9 I will weep with the tears of Jazer over this, the vineyard of Sibmah. I will inebriate you with my tears, Heshbon and Elealeh! For the sound of those who trample has rushed over your vintage and over your harvest.
Daarom beween ik, in de wening over Jaezer, den wijnstok van Sibma, ik maak u doornat met mijn tranen, o Hesbon en Eleale! want het vreugdegeschrei over uw zomervruchten en over uw oogst is gevallen;
10 And so, rejoicing and exultation will be taken away from Carmel, and there will be no jubilation or exultation in the vineyards.
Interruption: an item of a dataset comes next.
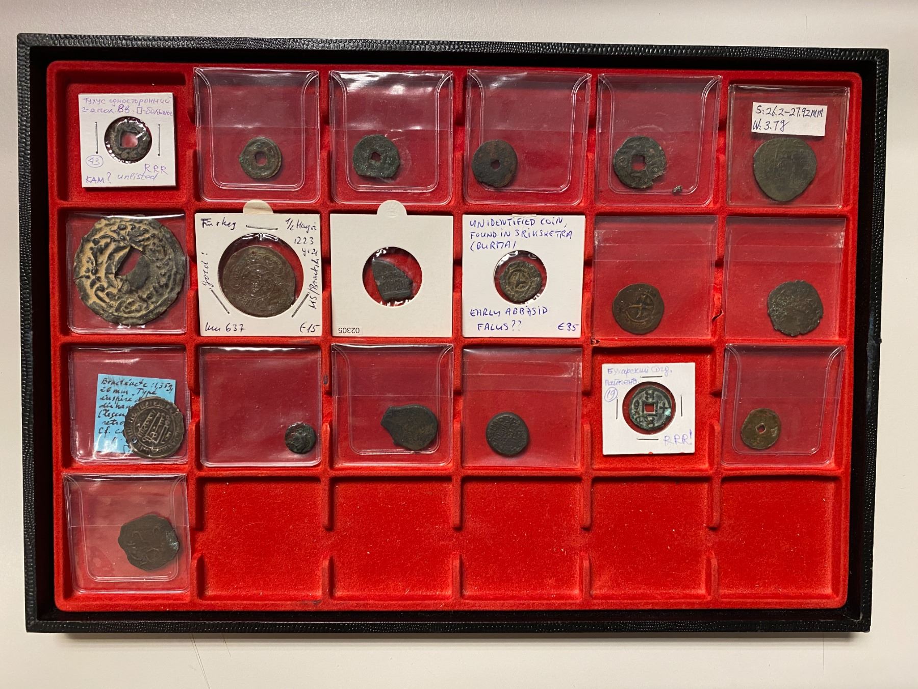 WORLDWIDE: LOT of 19 copper pieces, including: Sogdian cash coins (8 pcs, various types, lower grades); Parataraja (1, Koziya, Pieper 2013:806); Georgia (2, Bagratid), Eastern Europe Imitation (1, bracteate, copper imitation of Abbasid or Samanid dirham); Ilkhan (1, Georgian/Armentian type, nice strike but some green disease); Turkey (1, 19th century gamblian token); Chaghatayid (1, Boyan Quli Khan), large copper bracteate of unknown origin (1, perhaps late Medieval or early Modern); and illegible (3); average VG to Fine condition, many with defects or porosity, some identified by the consignor; retail value $500, lot of 19 pieces.
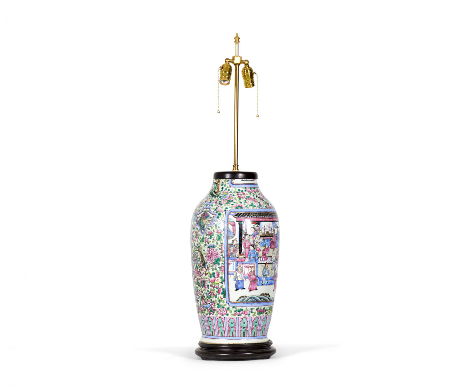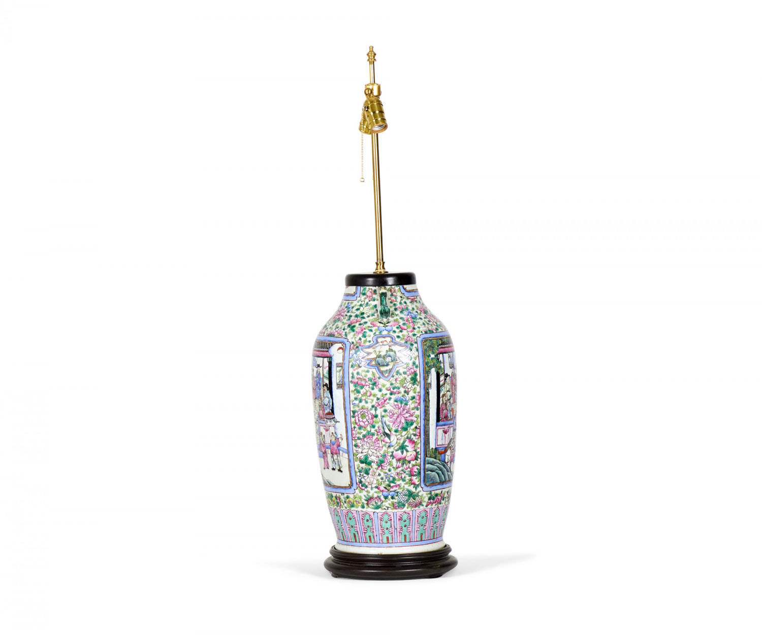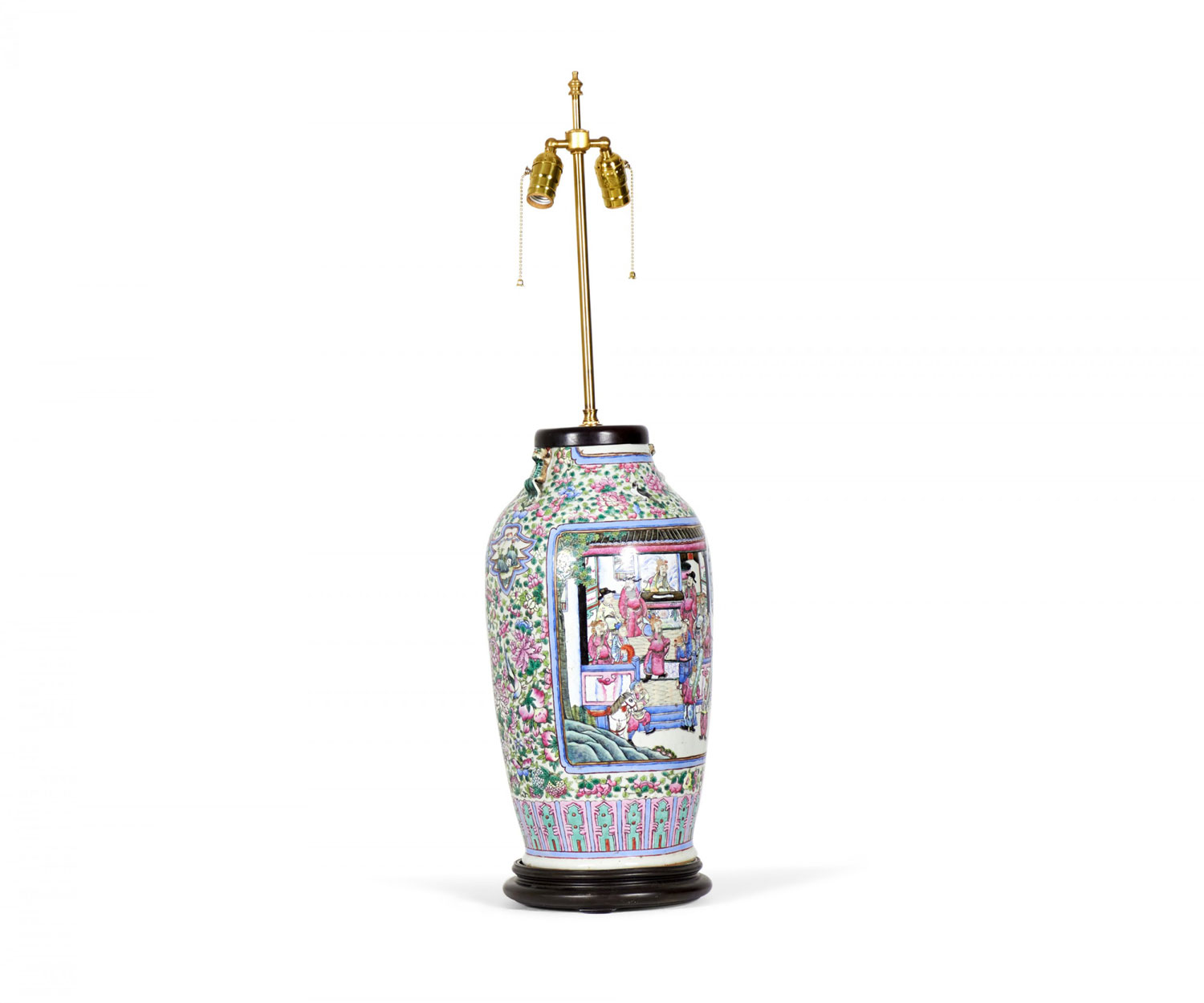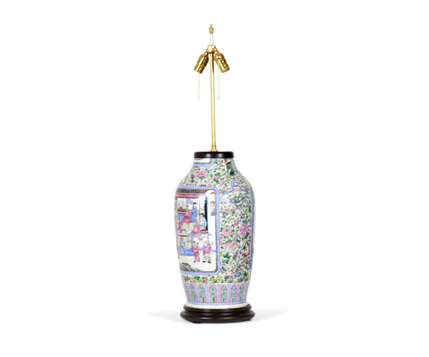 Antique Chinese table lamp made from an 18th century porcelain vase mounted with wood and brass hardware as a lamp, with a famille rose intricate design in blue, pink, purple, and green. (Similar lamp: NWL2711)

He who was accustomed to tread will not tread out the wine in the winepress. I have taken away the sound of those who tread.
Alzo dat de blijdschap en vrolijkheid weggenomen is van het vruchtbare veld, en in de wijngaarden wordt niet gezongen, noch enig gejuich gemaakt; de druiven treder treedt geen wijn uit in de wijnbakken, ik heb het vreugdegeschrei doen ophouden.
11 Over this, my heart will resonate like a harp for Moab, and my inner most being for the brick wall.
Daarom rommelt mijn ingewand over Moab, als een harp, en mijn binnenste over Kir-heres.
12 And this shall be: when it is seen that Moab has struggled upon his high places, he will enter his holy places to pray, but he will not prevail.
En het zal geschieden, als men zien zal, dat Moab vermoeid is geworden op de hoogten, dan zal hij in zijn heiligdom gaan om te aanbidden, maar hij zal niet vermogen.
13 This is the word that the Lord has spoken to Moab concerning that time.
Dit is het woord, dat de HEERE tegen Moab gesproken heeft, van toen af.
14 And now the Lord has spoken, saying: In three years, like the years of a hired hand, the glory of Moab concerning the entire multitude of the people will be taken away, and what is left behind will be small and weak and not so numerous.
Maar nu spreekt de HEERE, zeggende: Binnen drie jaren (als de jaren eens huurlings), dan zal de eer van Moab verachtzaam gemaakt worden, met al die grote menigte; en het overblijfsel zal klein, weinig, onmachtig wezen.